Alderman Sam Shropshire's bill banning the distribution of plastic bags within city limits with fines up to $500 was replaced with a softer, broader bill.
The replacement, introduced by Mayor Ellen O. Moyer and co-sponsored by four other aldermen, effectively killed Mr. Shropshire's ban and dashed the hopes of area environmentalists who hoped Annapolis would become the first municipality in the nation to completely ban the bags.
"Bans should always be a last resort, not a first resort," said Alderman Ross Arnett, D-Ward 8, who co-sponsored the mayor's bill.
Ms. Moyer's bill instead establishes an environmental review committee to encourage the review of residential and business practices and policies. The environmental review committee will be made up of department heads from the Department of Neighborhood and Environmental Programs, Public Works, Central Services and Recreation and Parks. They will review existing city practices relating to compost, recycling and reusable materials.
"The bag ban would do nothing to reduce our carbon footprint," Ms. Moyer said.
Mr. Shropshire, D-Ward 7, called the revised bill a "cop-out" and vowed to re-group with his environmental team and add amendments to Ms. Moyer's bill, which has a public hearing in December.
About a dozen people spoke on Mr. Shropshire's bill during the public reports portion of council agenda last night, including representatives from Safeway and the Progressive Bag Alliance. They requested the council kill the bag bill.
Mr. Shropshire was visibly shaken by the decision from the council to replace his bill as he went into the hallway of City Hall to discuss the next move with his environmental team.
"The industry-paid purveyors of environmental misery have scored a point," he said. "The new legislation considers some good things, but does not consider the environmental issue for which so many have worked long and hard. This new piece of legislation has no reference to plastic checkout bags and in many instances calls for the city to do what it's already doing."
2 a.m. curfew
A bill introduced earlier this year by Alderwoman Classie G. Hoyle, D-Ward 3, that would have allowed alcohol-serving establishments to remain open until 2 a.m. died last night after aldermen did not pass the bill on second reading.
Mrs. Hoyle attempted to postpone the measure until after the passage of the city's comprehensive plan sometime next year, citing a need for more studies and more research. But after the council split on the postponement of the measure, the bill died on the floor.
She called for more study and more work with the police department on enforcement downtown, saying the upcoming comprehensive plan would be able to provide more information on how to better address the call.
"Nothing stays the same," she said. "We need to look at other factors. We're talking about the entire city of Annapolis and we need to study this more."

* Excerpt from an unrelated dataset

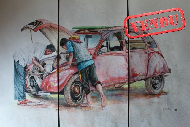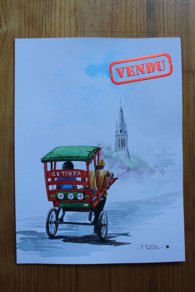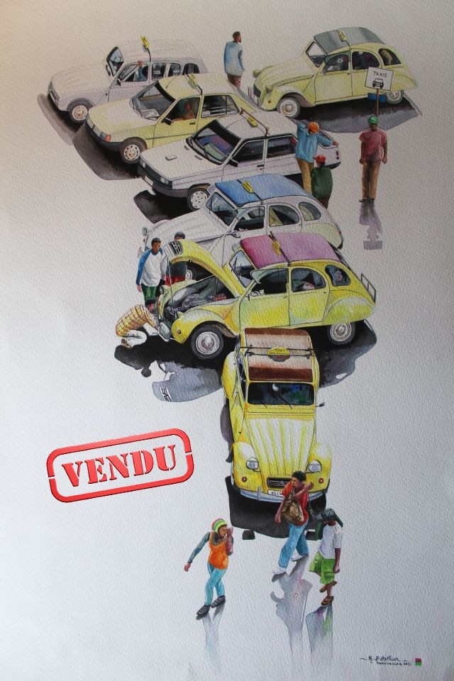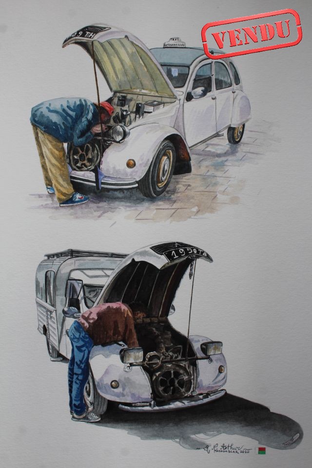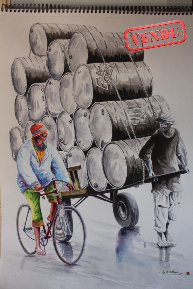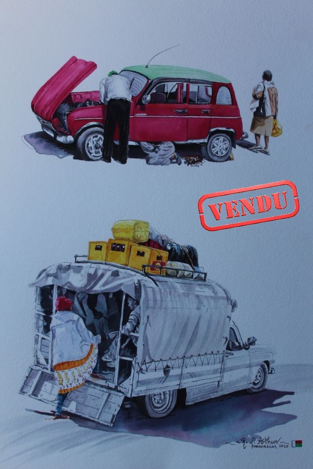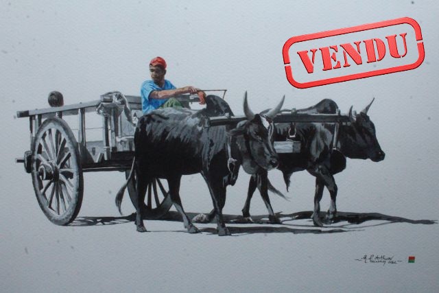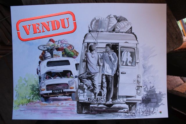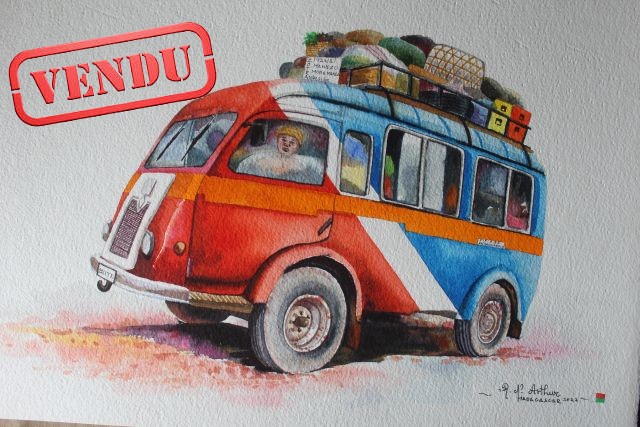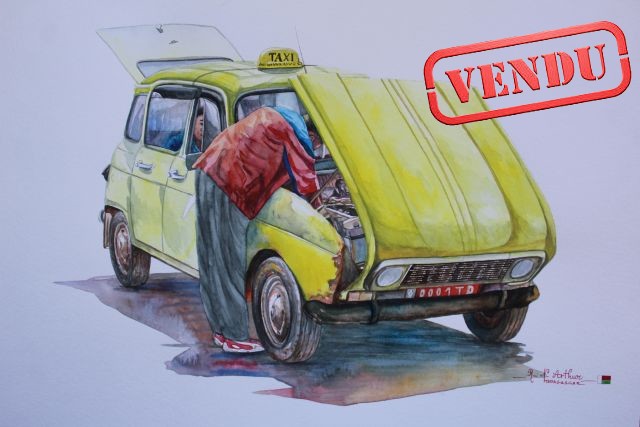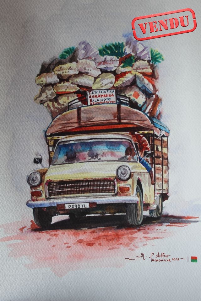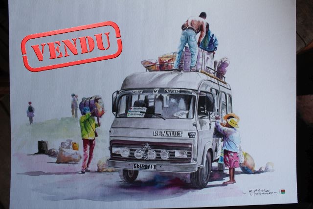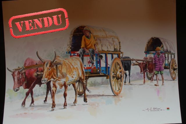 Vous y retrouvez des tableaux de son inspiration personnelle. Il a mis en valeur à travers ses pinceaux et ses couleurs toute la vie quotidienne des Malagasy : travail dans les rizières, sur les marchés ou dans les carrières du Village Akamasoa. Il a également honoré des commandes privées pour mettre en valeur des voitures personnelles, des animaux de compagnies, des portraits. Nary Arthur le nouveau Maitre de l’Aquarelle y dévoile tout son savoir-faire. Vous aussi, je vous invite à le solliciter pour mettre en valeur et en couleurs vos portraits ou biens personnels ou objets de collections.

Alderman Richard Israel, D-Ward 1, who has been highly vocal against the call to more late-night liquor licenses, called the bill "narrowly focused" and said he favored revisiting the Ward One Sector Study, which 15 years ago established that no more 2 a.m. would be allowed in the Historic District.
The 1993 Ward One Sector Study resolution banned new 2 a.m. licenses in the C2 commercial zone covering Main Street. It was a city decision considered a truce in the so-called "bar wars" that waged for years among downtown residents who still say late bar hours cause rowdiness, broken bottles and smashed flower pots.
But a handful of drinking establishments, including Castlebay and Sly Fox Pub, still cry foul over their midnight closing times. They say being forced to close at midnight while their neighbors stay open until 2 a.m. means the difference between mere survival and prosperity.
Bar owners said approval of the bill would mean all of the restaurants and bars in the city are following the same guidelines and competing on an equal footing.
"There have been no new arguments over 20 years," Mr. Israel said. "This needed to be taken off the table."